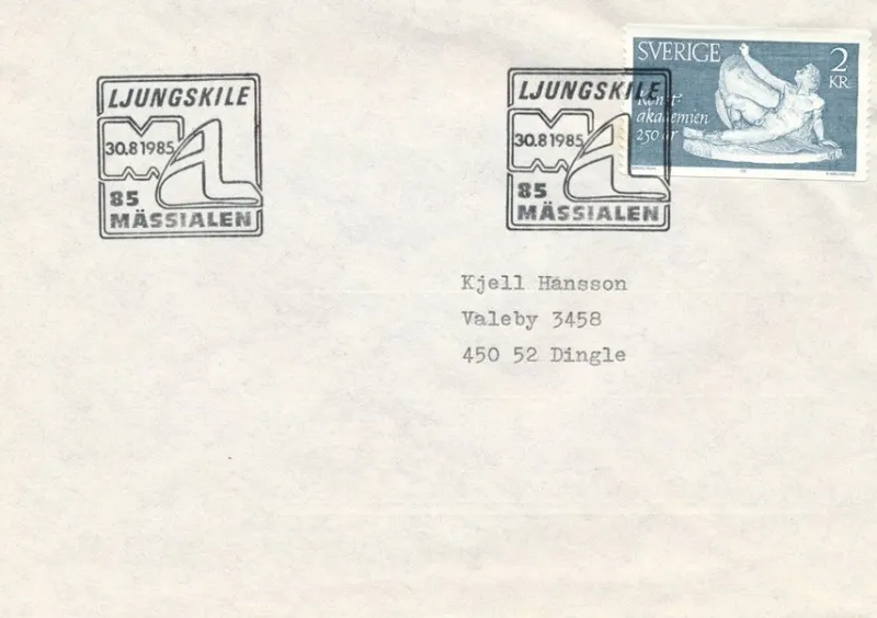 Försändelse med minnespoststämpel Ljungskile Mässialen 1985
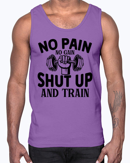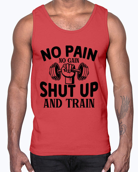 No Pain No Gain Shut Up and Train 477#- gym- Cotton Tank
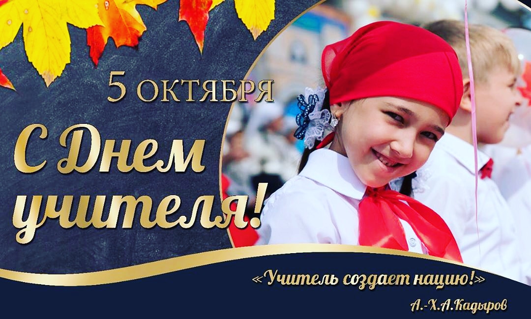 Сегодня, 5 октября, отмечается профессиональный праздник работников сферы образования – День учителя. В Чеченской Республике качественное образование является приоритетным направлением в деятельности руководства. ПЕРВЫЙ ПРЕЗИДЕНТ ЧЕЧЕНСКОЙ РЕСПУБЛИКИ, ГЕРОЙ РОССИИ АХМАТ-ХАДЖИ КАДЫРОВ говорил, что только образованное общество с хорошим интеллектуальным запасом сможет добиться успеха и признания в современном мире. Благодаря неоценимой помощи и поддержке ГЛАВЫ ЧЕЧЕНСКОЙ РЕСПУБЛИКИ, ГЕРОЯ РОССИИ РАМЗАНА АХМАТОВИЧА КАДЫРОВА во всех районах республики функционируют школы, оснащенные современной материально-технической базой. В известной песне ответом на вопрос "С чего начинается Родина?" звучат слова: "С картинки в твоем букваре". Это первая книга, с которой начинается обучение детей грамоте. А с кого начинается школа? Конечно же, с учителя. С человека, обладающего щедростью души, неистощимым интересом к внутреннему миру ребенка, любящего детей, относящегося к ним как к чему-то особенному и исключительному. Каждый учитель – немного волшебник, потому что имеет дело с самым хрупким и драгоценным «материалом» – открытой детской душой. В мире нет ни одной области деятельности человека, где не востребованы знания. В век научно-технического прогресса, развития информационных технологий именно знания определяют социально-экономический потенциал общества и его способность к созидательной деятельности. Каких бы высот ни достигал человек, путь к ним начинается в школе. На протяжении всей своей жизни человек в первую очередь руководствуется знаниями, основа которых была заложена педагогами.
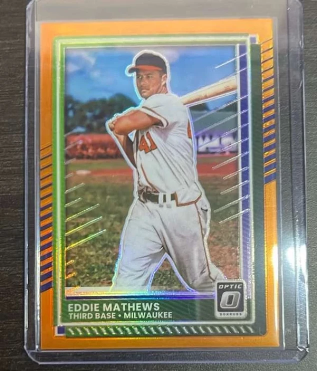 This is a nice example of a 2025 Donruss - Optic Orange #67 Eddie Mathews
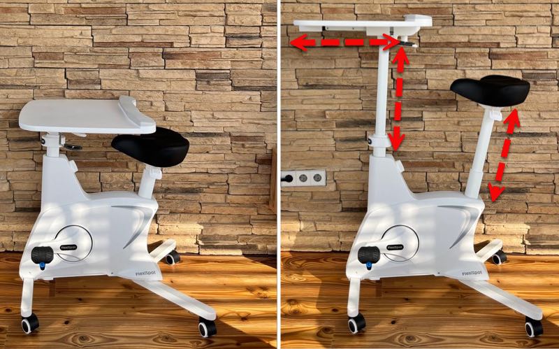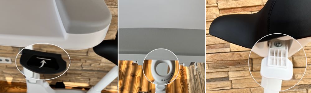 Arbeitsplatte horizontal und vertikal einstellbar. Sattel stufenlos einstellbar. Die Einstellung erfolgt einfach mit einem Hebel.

^^^^

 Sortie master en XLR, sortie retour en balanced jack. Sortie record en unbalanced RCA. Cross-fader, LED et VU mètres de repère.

^^^^

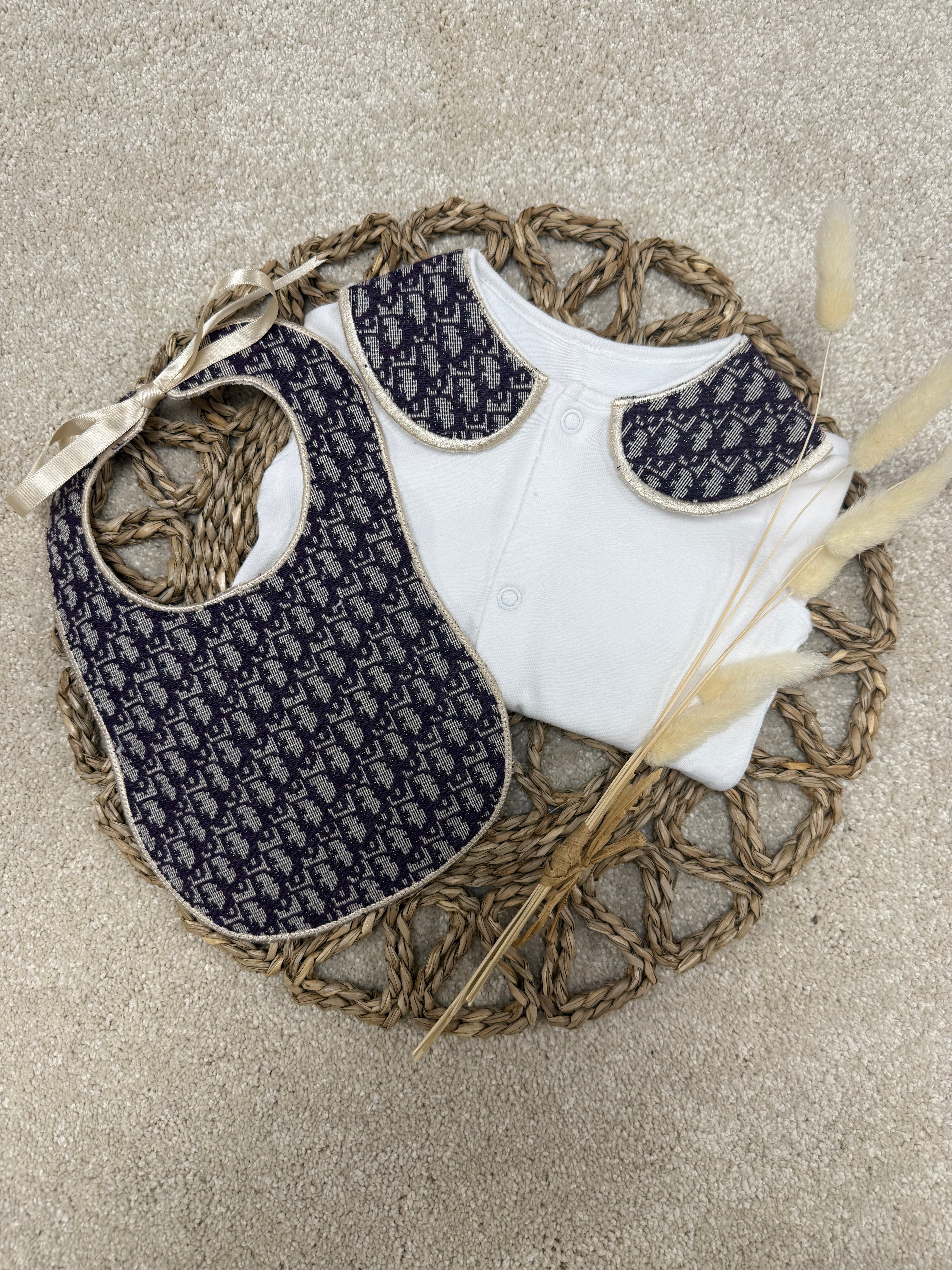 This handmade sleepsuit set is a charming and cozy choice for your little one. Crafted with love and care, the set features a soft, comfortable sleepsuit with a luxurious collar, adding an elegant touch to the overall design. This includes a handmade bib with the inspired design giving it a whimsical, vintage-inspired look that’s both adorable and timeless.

^^^^

EXERCISE DESCRIPTION.
Output only the lines above from the line that holds "Försändelse med minnespoststämpel" through the line that holds "No Pain No Gain", both ends included, and exclude pictures.

THE ANSWER.
 Försändelse med minnespoststämpel Ljungskile Mässialen 1985
 No Pain No Gain Shut Up and Train 477#- gym- Cotton Tank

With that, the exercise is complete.